Simple hillshading (i.e., hillShadeType :'simple') with a slope scale of 0.001 gave the elevation map at the default zoom level of 12 (a coloured DEM generated using Qgis's gdal2tiles and having an opacity of 0.5 overlays the hillshade).
It is rare to see terrain RGB tiles displayed at zoom levels above 12 (a zoom level limit of 10 is common). This is presumably because tile borders become noticeable at this zoom level (an artifact that can be removed by rendering a group of tiles and extracting one). More disturbing is the banding that is evident a zoom levels of 12 and above. To avoid this effect, some recent terrain RGB hillshading seems to use small slope scales that lead to low contrast levels and presumeably suppress artifacts such as banding (see, for example, the National Scienic Trail Guide's map at zoom level 13 where hillshading was generated using a DEM with a 30-m resolution).
B. Using the rasterio rgbify plugin and the MapLibre GL terrain-3d fork
A hillshade displayed using the Maplibre GL terrain-3d fork and generated using terrain-rgb mbtiles served by our TileServer GL is shown here (terrain3djura). The mbtiles were produced using the rasterio rgbify plugin (see reference).
For desktop use, we in fact prefer using standard OpenStreetMap raster tiles and a raster hillshade DEM ( see the JuraMap OSM + relief layer) with MapLibre GL.
Maplibre GL terrain-3d
Back in February 2022, a few words about the Maplibre GL terrain-3d fork. A terrain3d branch has been added to a maplibre-gl-js fork. As pointed out by contributors, the branch's maplibre-gl.js and maplibre-gl.css can be built in the usual way, as described by maplibre-gl-js (for Ubuntu 18.04, check that you have Node version 14 installed; clone the repository; npm install; npm build-prod; npm build-css; maplibre-gl.js and mapibre-gl.css are created in the dist directory).
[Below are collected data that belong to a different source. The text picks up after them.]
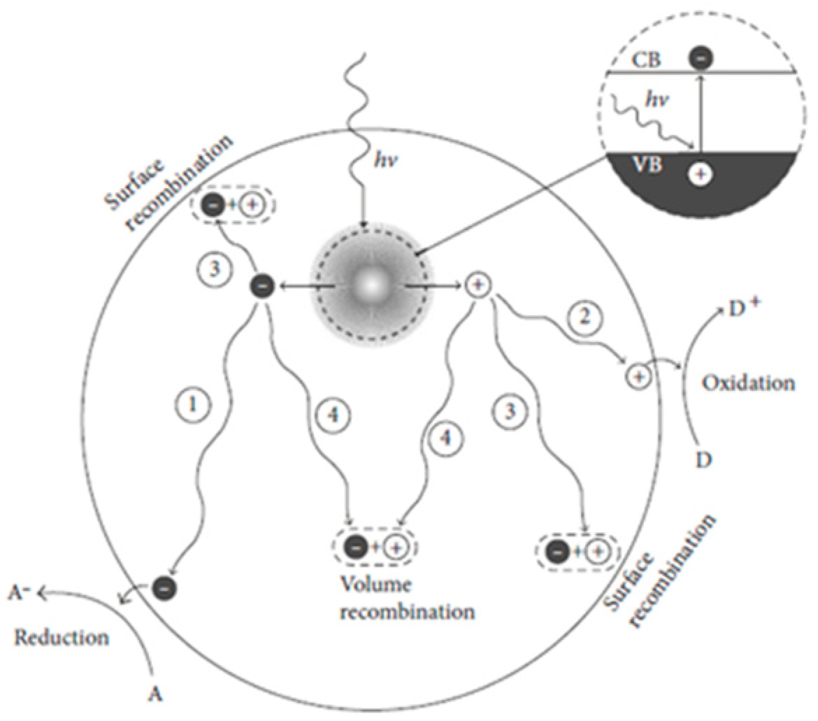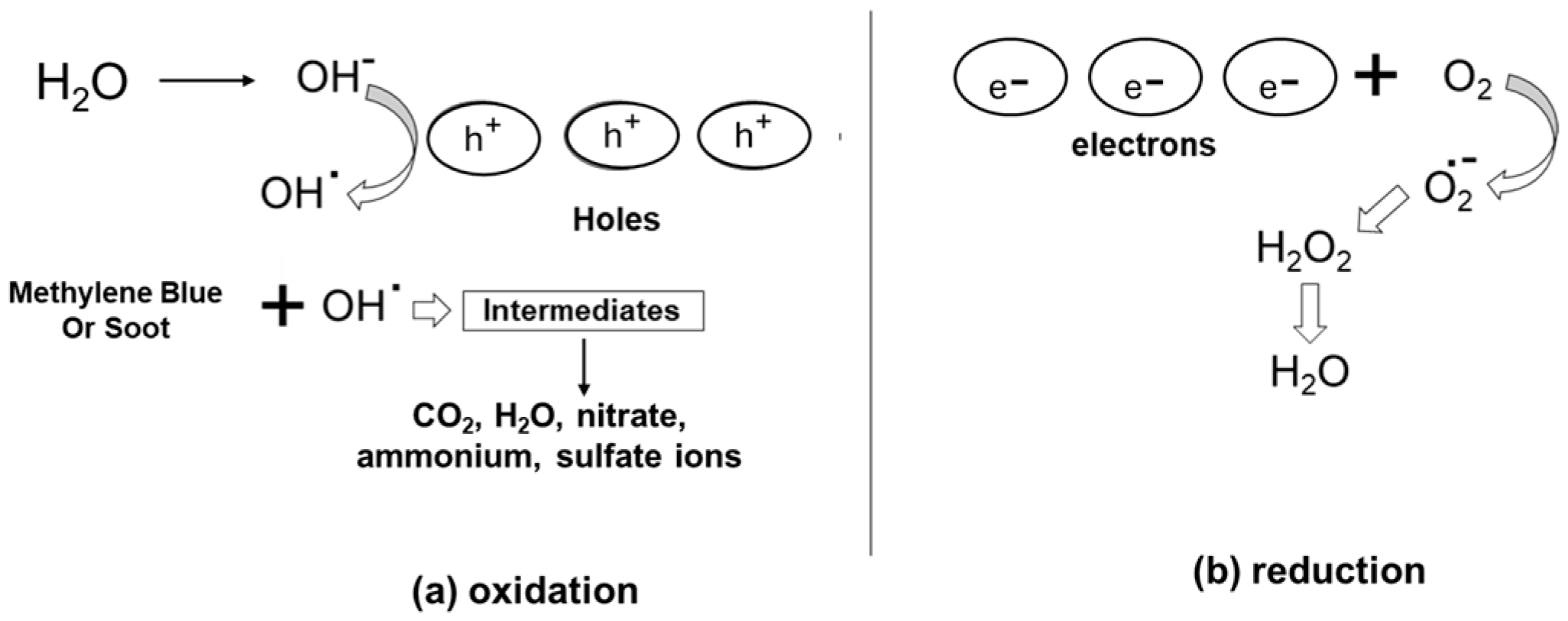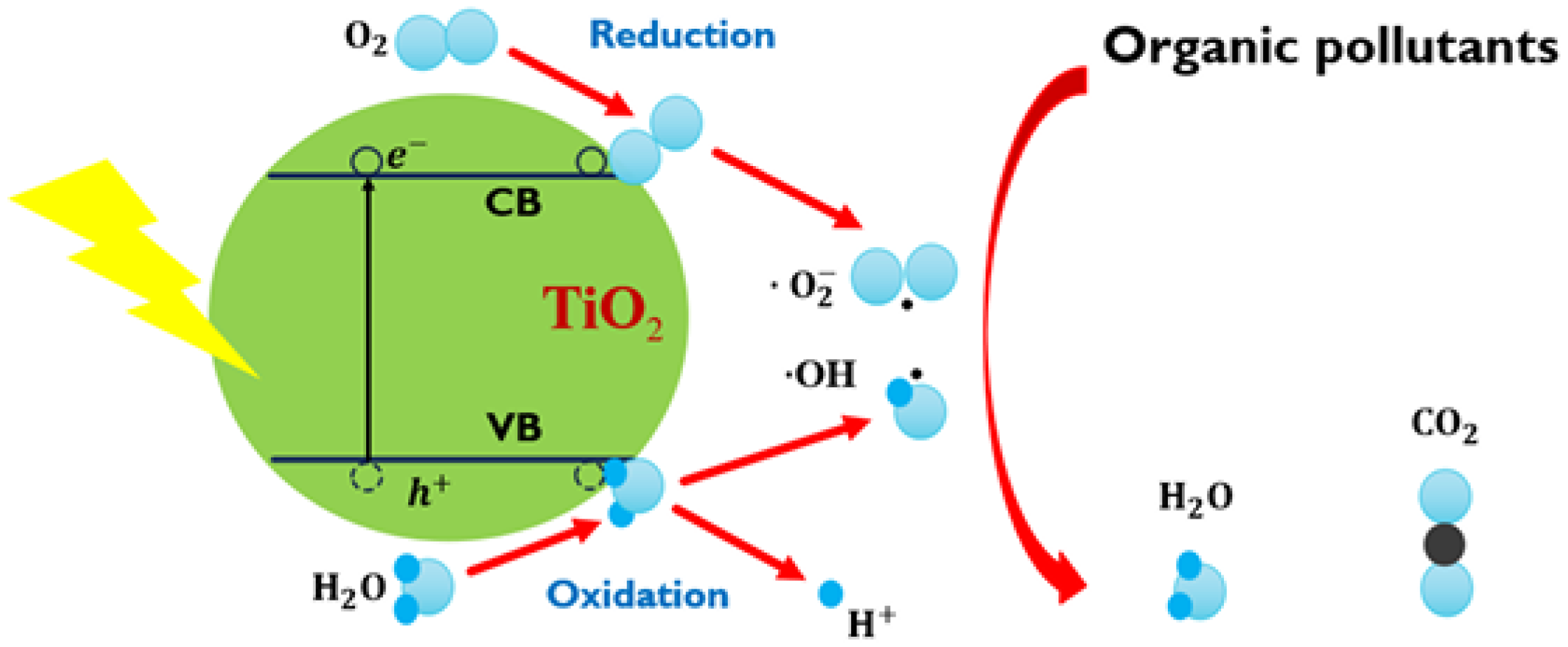 Non-recombining electrons and holes can move to the surface of TiO2 and engage in redox reactions with molecules that have been adsorbed on the surface. In Equation (2), superoxide radicals (∙O2−) or hydroperoxide radicals (HO2∙) are produced when electrons (e−) in the CB engage in reduction processes with molecular oxygen (O2):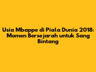 Kylian Mbappe, nama yang kini menggema di seluruh penjuru dunia sepak bola. Namun, mari kita kembali ke tahun 2018, saat namanya mulai meroket di panggung Piala Dunia. Pertanyaan yang sering muncul adalah, berapa usia Mbappe saat itu? Jawabannya adalah, Mbappe masih sangat muda, baru berusia 19 tahun ketika ia turut serta dalam Piala Dunia 2018 yang digelar di Rusia. Usia yang sangat belia untuk ukuran pemain yang mampu tampil memukau di panggung sekelas Piala Dunia. Penampilannya saat itu tidak hanya mengejutkan, tetapi juga memberikan harapan besar bagi masa depan sepak bola Prancis dan dunia.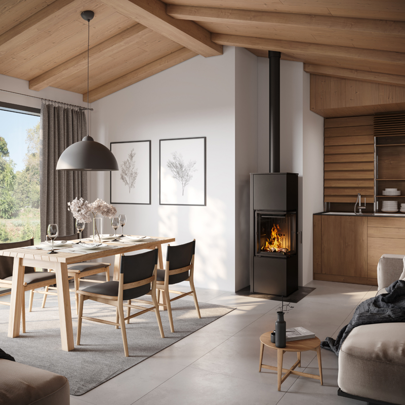 - Veelzijdig vlammenspel: De Torsted biedt zicht op het vuur vanuit meerdere zijden, ideaal voor plaatsing in de hoek van uw kamer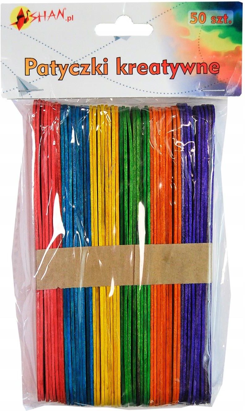 Patyczki kreatywne drewniane kolorowe 15 cm 50 szt Stalowa Wola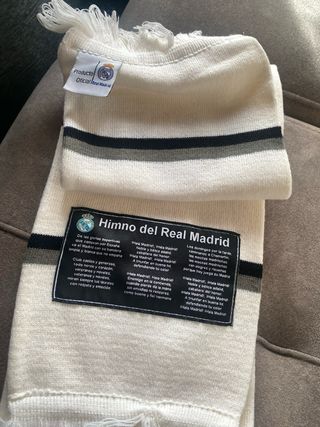 Bufanda oficial del Real Madrid con el escudo bordado y detalles de rayas. - Diseño tejido con el nombre del equipo. - Flecos en los extremos.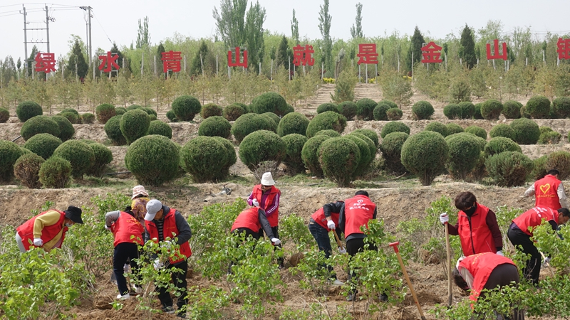 4月28日,銀川市總工會組織40余名銀川市勞動模范和先進工作者代表到靈武市白芨灘開展義務植樹活動,攜手共建“勞模工匠林”,以實際行動踐行“綠水青山就是金山銀山”理念,號召廣大職工積極參與“黃河流域生態保護”主題宣傳實踐活動,為銀川建設黃河流域生態保護先行區示范市貢獻勞模力量。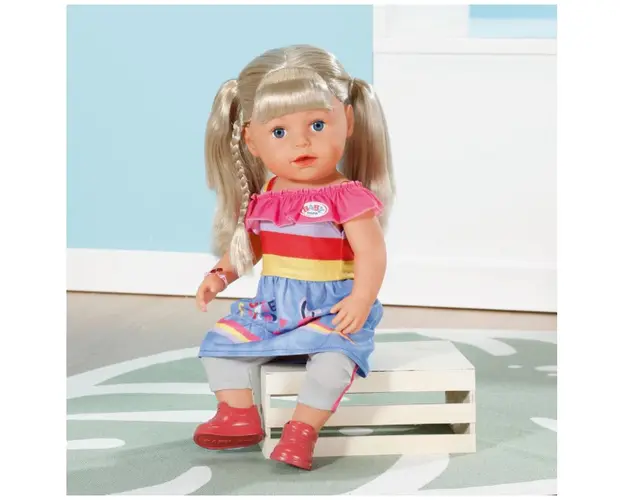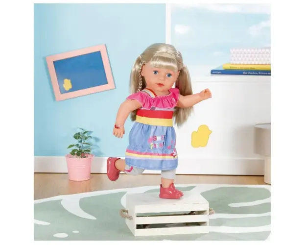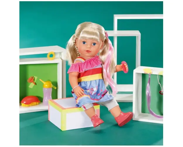 Caracteristici Papusa Baby Born Surioara blonda 43cm: Papusa Baby Born are nevoie de un copilas iubitor care sa o ingrijeasca Surioara blonda iubeste coafura si are nevoie de putin ajutor sa aleaga cea mai grozava frizura Clemele, elasticele pentru par si firele colorate de par se potrivesc perfect cu culorile tinutei sale Pune-i suvitele de par roz si violet in par Papusa poate sa bea apa din sticla Are genunchii flexibili si poate sta singura in picioare Poate face o baita in cada Poarta o rochie cu o fusta cu aspect denim si un top asimetric, iar jambierele gri cu dungi roz si treningurile rosu-portocalii se potrivesc perfect cu rochia In set vei regasi o sticla, o perie de par, 2 elastice pentru par, 2 agrafe de par, 2 agrafe cu fire de par si 1 bratara a prieteniei Are 6 functii realiste Nu sunt necesare baterii Dimensiuni: 43 cm Nu include efecte de sunete! Nu necesita baterii! Produsul cu denumirea Papusa Baby Born Surioara blonda 43cm face parte din brandul Zapf, se afla in categoria Jucarii magnetice si subcategoria

To test the terrain-3d Maplibre GL fork, a simple web app can be set up using the terrain3d MapLibre GL .js and .css files and the terrain3d terrain.html file. Courtesy of the terrain 3d developer (prozessor13 and Tourspring GmbH), we have done this (see terrain3d map).
MapLibre GL.js also supports dynamic hillshading (see dynamic terrain3d map) where we used the UK Ordinance Survey demo and not the MapTiler Mapbox demo (note that labelling is displaced on tilting the map).
In both these cases we used vtc-cdn.maptoolkit.net terrain-rgb tiles.
As of May 2022, now that the second generation of Maplibre GL has incorporated 3d terrain (see news item), one needs to look again at how rgb-terrain files are handled.
Vector data mbtiles
Normally, one needs to load vector data (e.g., polygons describing areas with high slopes that may represent cliffs - see above) into the JOSM OpenStreetMap editor and Qgis. We have found that the most reliable approach is to generate the polygons in Qgis and save them as a geojson file. The geojson is then converted to mbtiles file using Tippecanoe.
For example, the swisstopo DEM is converted to a slope map using the GDAL Raster Analysis slope module in Qgis. Raster calculation in Qgis is then used to set slopes below say 60 degrees to zero.The map is then converted to a vector format using the Qgis Raster Conversion polygonise tool, reprojected if necessary to EPSG 4326 and exported ("Export -> Save features as ...") as a geojson.
However, while the resulting mbtiles files work with Maplibre GL and Qgis, this is not always the case for JOSM. This needs looking into.
31 August 2022